From that simple setup, director Joanie Schultz helms a masterful exploration of power, seduction, and repulsion that climaxes with a roar of supernatural (or is it?) feminism. Ives' Venus in Fur may be a two-hander, but its layers are myriad. And yet for all of the play's increasingly intense mind games of humiliation, pain, and the dominatrix-slave dynamic, Venus in Fur is bitingly hilarious.
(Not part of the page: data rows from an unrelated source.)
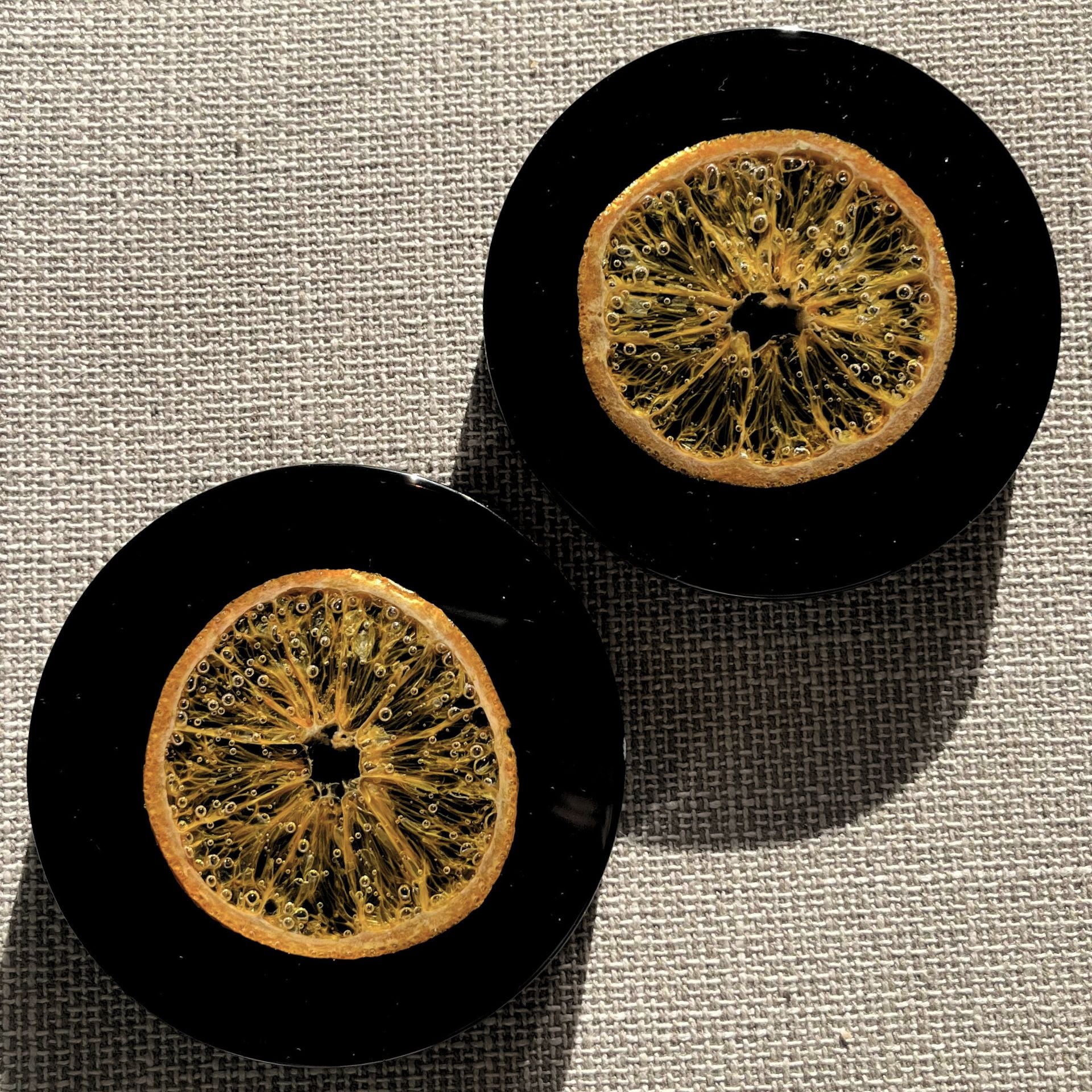 Jeder Untersetzer enthält eine echte, getrocknete Orangenscheibe 🍊 – eingebettet in glänzendes Harz.
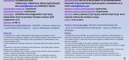 Inskripzioa: Urriaren 4tik 14ra. Udaletxean, Udaletxera deituz (948-562446) edo olazti@olazti.com helbidera idatziz. Gutxieneko kopurua: 8 pertsona Gehieneko kop...
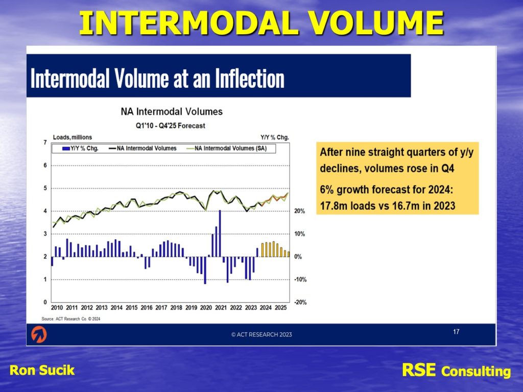 My point is the existing inflationary rate seems to be more like 10%, and this all trickles down to the basic consumer one way or another. With the high debt ratio and less disposable funds, I feel uncomfortable that consumers can sustain the demand to drive intermodal loadings up very high. I believe the driving factors are certainly there for positive numbers and it should certainly be easy enough to beat 2023’s soft numbers, but I will hold my breath until well into second quarter before I would feel comfortable with any high numbers. But this is an election year, so anything can happen.

From the start, Tom and Vanda are a fascinating duo with quicksilver, incendiary chemistry. As Vanda's audition winds on, the 1870s world of Masoch's mysterious, fur-clad mistress and her desperately subservient slave begins to bleed into the real-life 21st-century world of Vanda and Tom. The overlap is mind-bending, the theatrical equivalent of an optical illusion — blink, and what seemed inarguably one thing is another entirely. Power that initially appears to lie incontrovertibly with one person is revealed to be a fleeting fantasy. In this titillating land of role reversals and role play, the one wearing the dog collar isn't necessarily at the mercy of the one wielding the whip.
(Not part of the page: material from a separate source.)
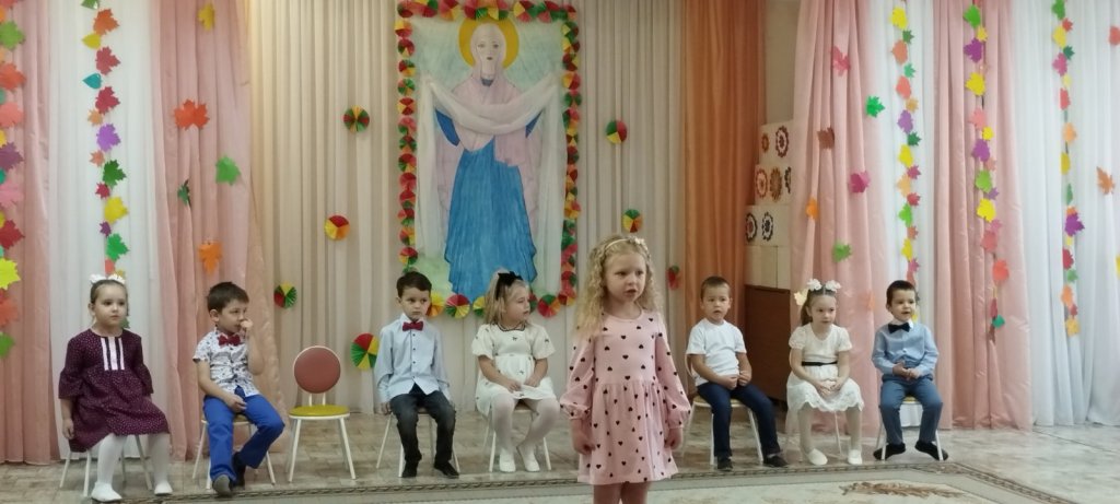 Наступила золотая осень, и вместе с ней пришел светлый и добрый праздник – Покров Пресвятой Богородицы. 14 октября в уютном зале детского сада №6 г.п.Корма звучало музыкальное представление, посвященное Небесной Заступнице и Дню матери.

The unnerving, provocative tale is exquisitely realized by Drinkall and Collins. With legs that go for days and a mind of comparable impressiveness, Vanda is a fascinating creature both physically and intellectually. She may initially come off like a ditz, but as her audition continues, it becomes apparent that Vanda wears her slavishly eager-to-please airhead persona like a costume that can be removed in the snap of a garter belt. In Drinkall's deeply compelling performance, there's something not quite of this earth about Vanda, and that something makes her thrilling.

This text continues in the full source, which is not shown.